LEAD (value_expression[, offset [, default_expression]])
OVER over_clause

over_clause:
  { named_window | ( [ window_specification ] ) }

window_specification:
  [ named_window ]
  [ PARTITION BY partition_expression [, ...] ]
  ORDER BY expression [ { ASC | DESC }  ] [, ...]

Description

Returns the value of the value_expression on a subsequent row. Changing the offset value changes which subsequent row is returned; the default value is 1, indicating the next row in the window frame. An error occurs if offset is NULL or a negative value.

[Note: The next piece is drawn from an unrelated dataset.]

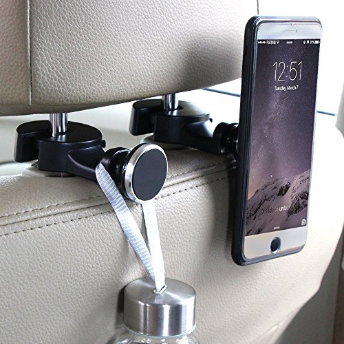 -. Title : Tablet holder for car,headrest back seat ipad iphone Magnetic car mount for Cellphone iPad Tablet GPS,Car Hooks Storage Organizer for Bag Purse Cloth Grocery,Silver (L+R)
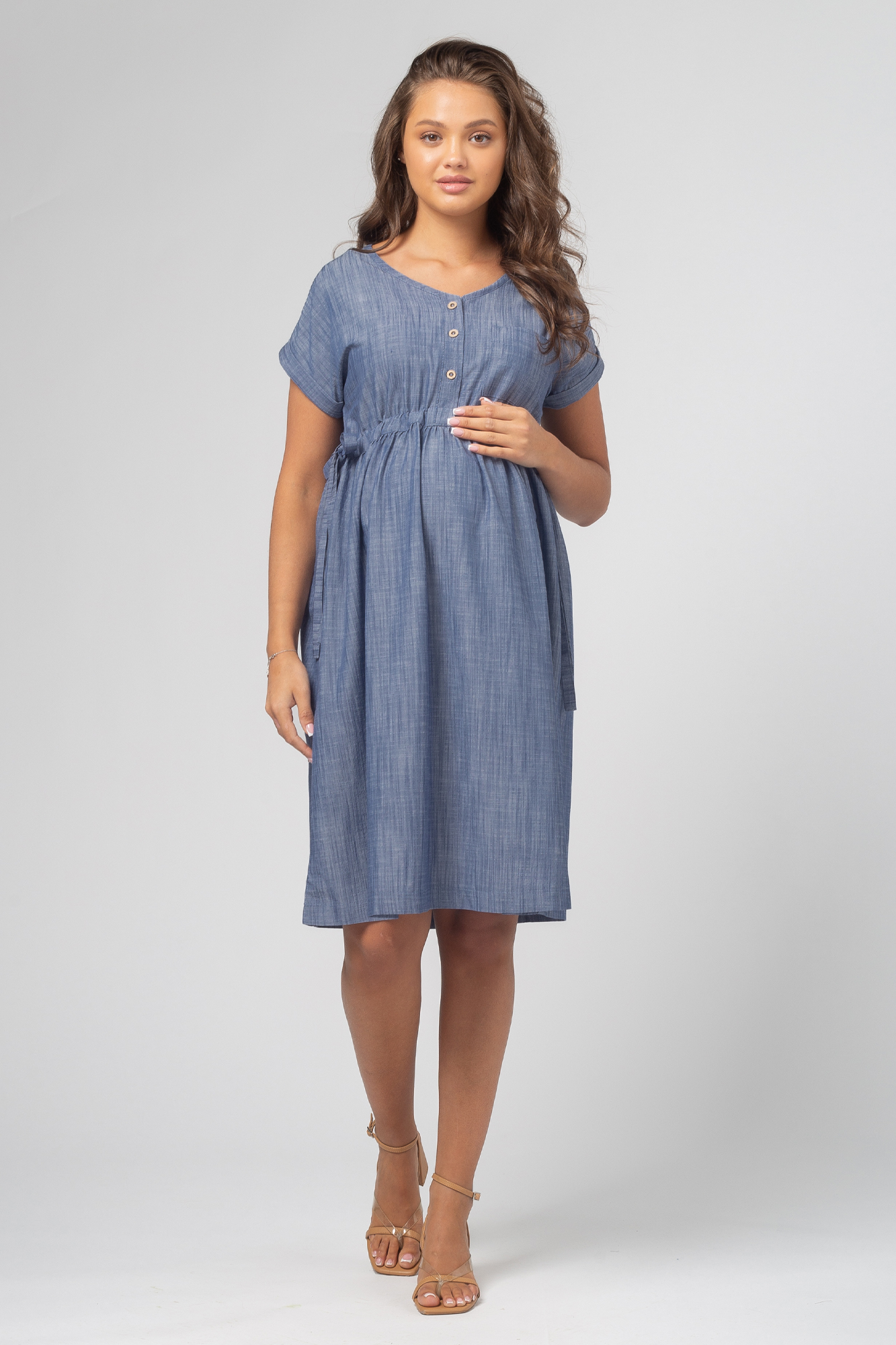 Легкое платье-рубашка для будущих мам. V-образный вырез горловины, короткий рукав, планка на пуговицах по переду, накладной карман на груди. Платье свободного кроя обеспечивает комфорт и предоставляет возможность носить его на всем протяжении беременности и после родов. Кулиски по бокам изделия позволят регулировать ширину платья под вашу фигуру, создавая приталенный силуэт.

The optional default_expression is used if there isn't a row in the window frame at the specified offset. This expression must be a constant expression and its type must be implicitly coercible to the type of value_expression. If left unspecified, default_expression defaults to NULL.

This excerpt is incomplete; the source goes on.